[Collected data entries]
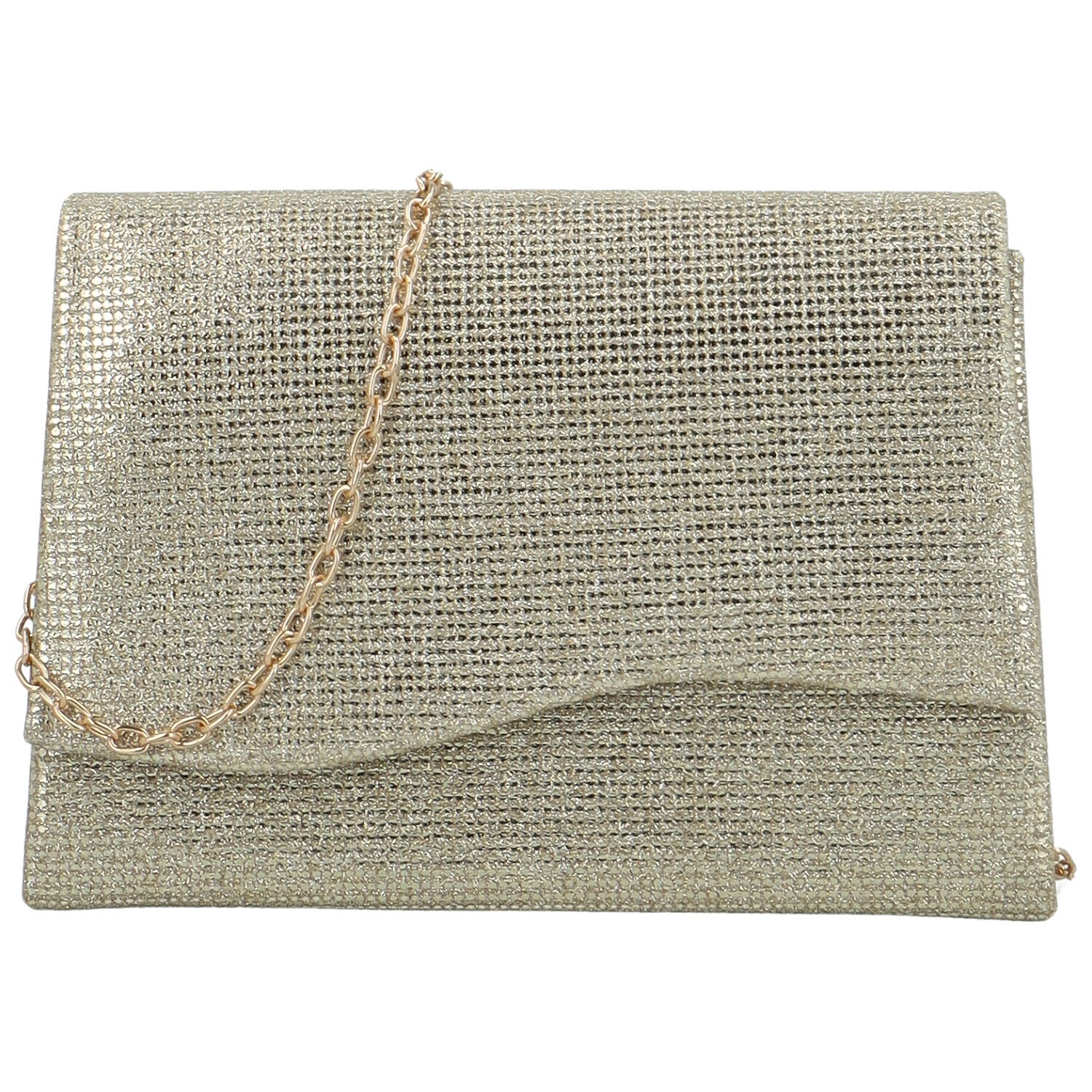 Psaníčko je potažené třpytivou látkou. Má menší vlnitou klopu a uvnitř dostatek místa na vaše osobní věci. Krásně vám bude sedět v ruce ale i na rameni po připnutí dlouhého řetízku.
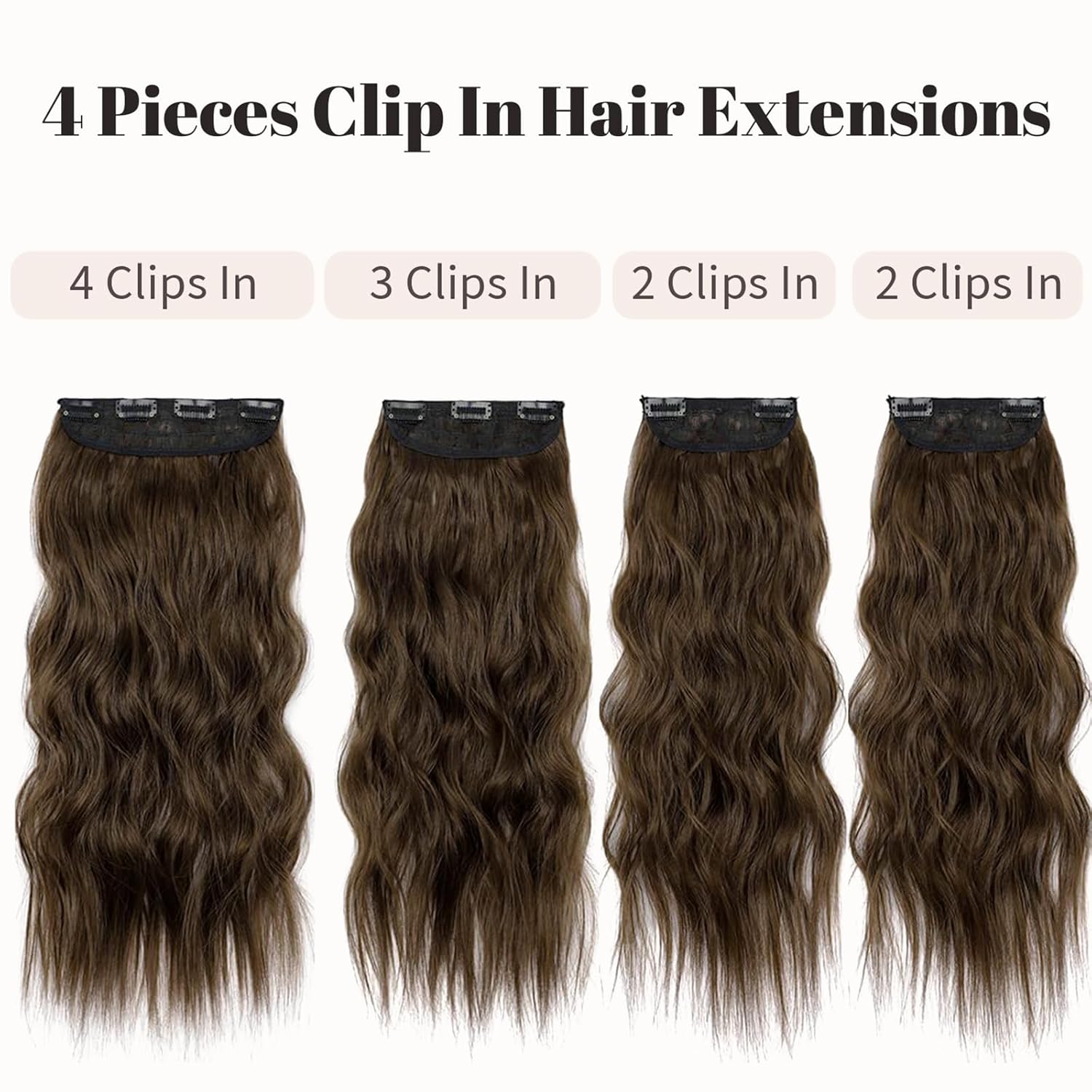 KooKaStyle Clip in Synthetic Hair Extensions Long Wavy 4PCS Thick Hairpieces Chestnut Brown Fiber Double Weft Natural Hair Extensions 16 Inch for Women
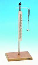 15cm mirror scale is marked in millimeters and mounted on a sturdy 30 cm. support rod and wooden base Mirror adjusts to prevent parallax error Hook attached to rod supports a coiled spring with mass hanger and indicator
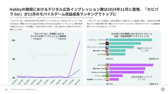『カピバラ Go!』の収益は、広告を効率よく出稿することで急速に成長し、2024年11月の韓国において収益が最も多く増加したモバイルゲームになり、同月のモバイルゲーム収益絶対額ランキングでも5位に入っています。
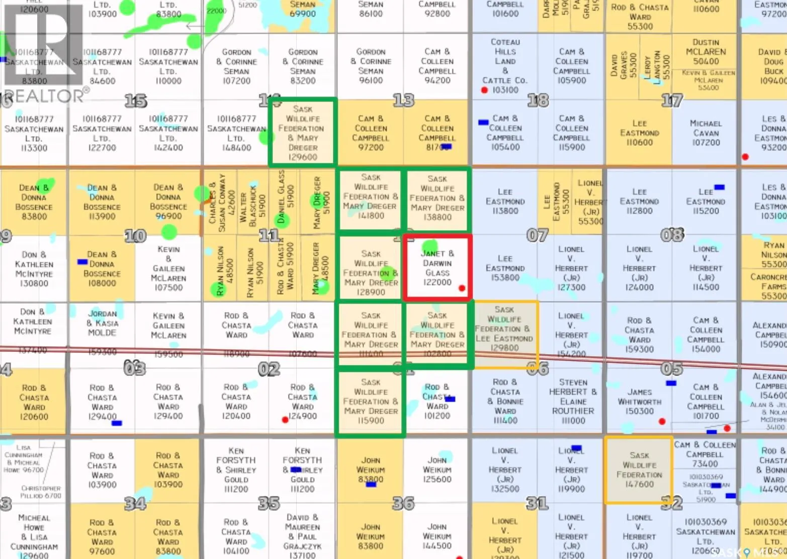 7 lease quarters (Buyer must apply to Sask Wildlife and qualify) and 1 deeded home quarter with a complete ranching or farming headquarters. This well-equipped property features a 5-bedroom home with newer water heater, updated furnace, flooring, shingles, and electrical, plus a detached two-car garage. Yard improvements include a 50′ x 80′ steel quonset with power, barn with water hydrant,
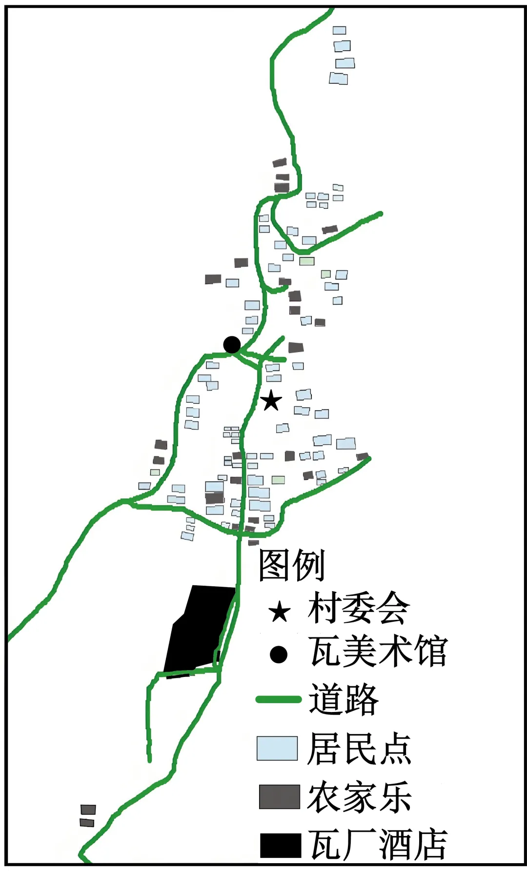 北京市北沟村四面环山,南邻京承高速,北邻长城,板栗种植曾是当地村民主要收入来源。2012年该村凭借良好的乡村建设,被评为“中国最有魅力休闲乡村”之一。下图为北沟村平面简图。据此完成下面小题。
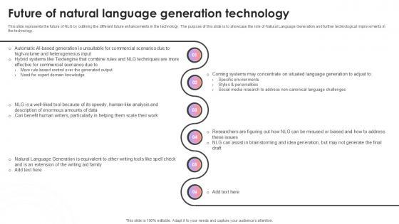 This slide represents the future of NLG by outlining the different future enhancements in the technology. The purpose of this slide is to showcase the role of Natural Language Generation and further technological improvements in the technology. This modern and well-arranged Future Of Natural Language Generation Technology AI Content Creation It Ppt Presentation provides lots of creative possibilities. It is very simple to customize and edit with the Powerpoint Software. Just drag and drop your pictures into the shapes. All facets of this template can be edited with Powerpoint, no extra software is necessary. Add your own material, put your images in the places assigned for them, adjust the colors, and then you can show your slides to the world, with an animated slide included. This slide represents the future of NLG by outlining the different future enhancements in the technology. The purpose of this slide is to showcase the role of Natural Language Generation and further technological improvements in the technology.

**Activity:**
Your answer should consist solely of the lines from the one with "北京市北沟村四面环山,南邻京" through the last line of the entries, restated word for word, with the pictures omitted.

**Reply to the task:**
 北京市北沟村四面环山,南邻京承高速,北邻长城,板栗种植曾是当地村民主要收入来源。2012年该村凭借良好的乡村建设,被评为“中国最有魅力休闲乡村”之一。下图为北沟村平面简图。据此完成下面小题。
 This slide represents the future of NLG by outlining the different future enhancements in the technology. The purpose of this slide is to showcase the role of Natural Language Generation and further technological improvements in the technology. This modern and well-arranged Future Of Natural Language Generation Technology AI Content Creation It Ppt Presentation provides lots of creative possibilities. It is very simple to customize and edit with the Powerpoint Software. Just drag and drop your pictures into the shapes. All facets of this template can be edited with Powerpoint, no extra software is necessary. Add your own material, put your images in the places assigned for them, adjust the colors, and then you can show your slides to the world, with an animated slide included. This slide represents the future of NLG by outlining the different future enhancements in the technology. The purpose of this slide is to showcase the role of Natural Language Generation and further technological improvements in the technology.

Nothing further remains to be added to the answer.